Using OpenMP, is it correct to parallelize a for loop inside a function "func" as follows?

void func(REAL coeff, DATAMPOT *dmp, int a, int la, int b, int lb, REAL L)
{
 int i,j,k;
 REAL dx,dy,dz;
 REAL dx2,dy2,dz2;
 REAL r;
 #pragma omp parallel for default(shared) private(k,i,j,dx,dy,dz,dx2,dy2,dz2,r) reduction(+:deltaE)
 for(k=0; k<la*lb; ++k){
 j=k/la+b;
 i=k%la+a;
 dx=fabs(part[i].x-part[j].x);
 dy=fabs(part[i].y-part[j].y);
 dz=fabs(part[i].z-part[j].z);
 dx2=(dx<0.5?dx*dx:(1-dx)*(1-dx));
 dy2=(dy<0.5?dy*dy:(1-dy)*(1-dy));
 dz2=(dz<0.5?dz*dz:(1-dz)*(1-dz));
 r=L*sqrt(dx2+dy2+dz2);
 deltaE += coeff*((dmp+NSPES*part[i].s+part[j].s)->npot>1?
mpot(r,dmp+NSPES*part[i].s+part[j].s,((REAL)rand())/RAND_MAX):
(dmp+NSPES*part[i].s+part[j].s)->pot[0](r,(dmp+NSPES*part[i].s+part[j].s)->dp ) );
 }
}

Where:

REAL is double (#define REAL double)
DATAMPOT *dmp is a pointer to a struct containing (among others) some pointers to functions, such as pot[0]
part is a global array of struct
deltaE (variable for summation-reduction) is a REAL global variable

I know that, for a correctness, a special treatment of function rand() is also required; but apart from that, are there some other important (conceptual) correction to do on the above parallelization? Which is limited at only one directive row?

Question 2

There is nothing wrong with your code, but it can be improved somehow.

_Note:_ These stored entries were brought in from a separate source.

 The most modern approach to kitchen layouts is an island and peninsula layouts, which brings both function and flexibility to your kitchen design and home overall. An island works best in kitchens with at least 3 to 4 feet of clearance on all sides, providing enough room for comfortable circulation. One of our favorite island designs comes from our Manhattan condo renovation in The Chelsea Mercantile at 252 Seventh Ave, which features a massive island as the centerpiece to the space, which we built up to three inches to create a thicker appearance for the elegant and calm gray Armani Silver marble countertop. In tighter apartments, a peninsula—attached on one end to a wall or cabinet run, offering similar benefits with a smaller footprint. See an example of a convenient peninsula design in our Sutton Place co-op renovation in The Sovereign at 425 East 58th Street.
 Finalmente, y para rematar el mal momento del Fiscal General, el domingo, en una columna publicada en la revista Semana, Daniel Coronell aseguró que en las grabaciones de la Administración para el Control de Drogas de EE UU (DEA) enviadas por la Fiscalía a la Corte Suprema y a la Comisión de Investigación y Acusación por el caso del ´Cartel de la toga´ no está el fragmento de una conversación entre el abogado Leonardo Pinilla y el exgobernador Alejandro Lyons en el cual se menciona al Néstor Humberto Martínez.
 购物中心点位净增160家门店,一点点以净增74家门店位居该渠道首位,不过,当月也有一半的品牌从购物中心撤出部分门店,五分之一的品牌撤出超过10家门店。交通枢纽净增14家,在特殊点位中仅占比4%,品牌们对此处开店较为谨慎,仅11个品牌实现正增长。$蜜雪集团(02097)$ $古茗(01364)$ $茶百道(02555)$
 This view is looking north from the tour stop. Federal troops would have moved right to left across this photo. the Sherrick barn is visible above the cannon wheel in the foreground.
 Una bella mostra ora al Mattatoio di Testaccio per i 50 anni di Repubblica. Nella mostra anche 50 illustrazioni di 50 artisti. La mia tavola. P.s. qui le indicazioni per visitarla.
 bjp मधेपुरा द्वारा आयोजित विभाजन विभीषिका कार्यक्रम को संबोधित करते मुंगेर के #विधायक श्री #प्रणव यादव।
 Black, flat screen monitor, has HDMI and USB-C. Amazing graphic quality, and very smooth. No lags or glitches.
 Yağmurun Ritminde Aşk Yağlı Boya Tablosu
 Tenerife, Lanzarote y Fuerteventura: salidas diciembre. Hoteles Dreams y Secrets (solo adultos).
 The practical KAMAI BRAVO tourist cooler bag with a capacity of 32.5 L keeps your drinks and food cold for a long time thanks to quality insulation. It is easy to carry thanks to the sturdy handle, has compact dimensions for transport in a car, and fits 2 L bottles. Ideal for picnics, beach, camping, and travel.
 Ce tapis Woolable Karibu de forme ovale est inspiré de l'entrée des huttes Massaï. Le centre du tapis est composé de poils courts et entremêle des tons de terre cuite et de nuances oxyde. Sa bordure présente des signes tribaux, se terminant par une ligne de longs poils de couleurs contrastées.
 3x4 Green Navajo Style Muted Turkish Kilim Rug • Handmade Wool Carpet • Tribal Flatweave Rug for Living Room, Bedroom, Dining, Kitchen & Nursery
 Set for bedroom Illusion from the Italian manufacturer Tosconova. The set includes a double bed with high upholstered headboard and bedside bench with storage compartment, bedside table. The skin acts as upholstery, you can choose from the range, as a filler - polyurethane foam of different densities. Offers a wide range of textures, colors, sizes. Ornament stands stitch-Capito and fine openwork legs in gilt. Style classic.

First, automatic variables, defined in a scope that is outer to the parallel region, are automatically shared. Therefore the default(shared) clause is redundant.

Second, the loop counter k has predetermined sharing class of private - you can safely omit it. Also you should declare all variables in the scope where they are used. In your case all variables except k can be declared in the parallel region. Such variables have predetermined sharing class of private.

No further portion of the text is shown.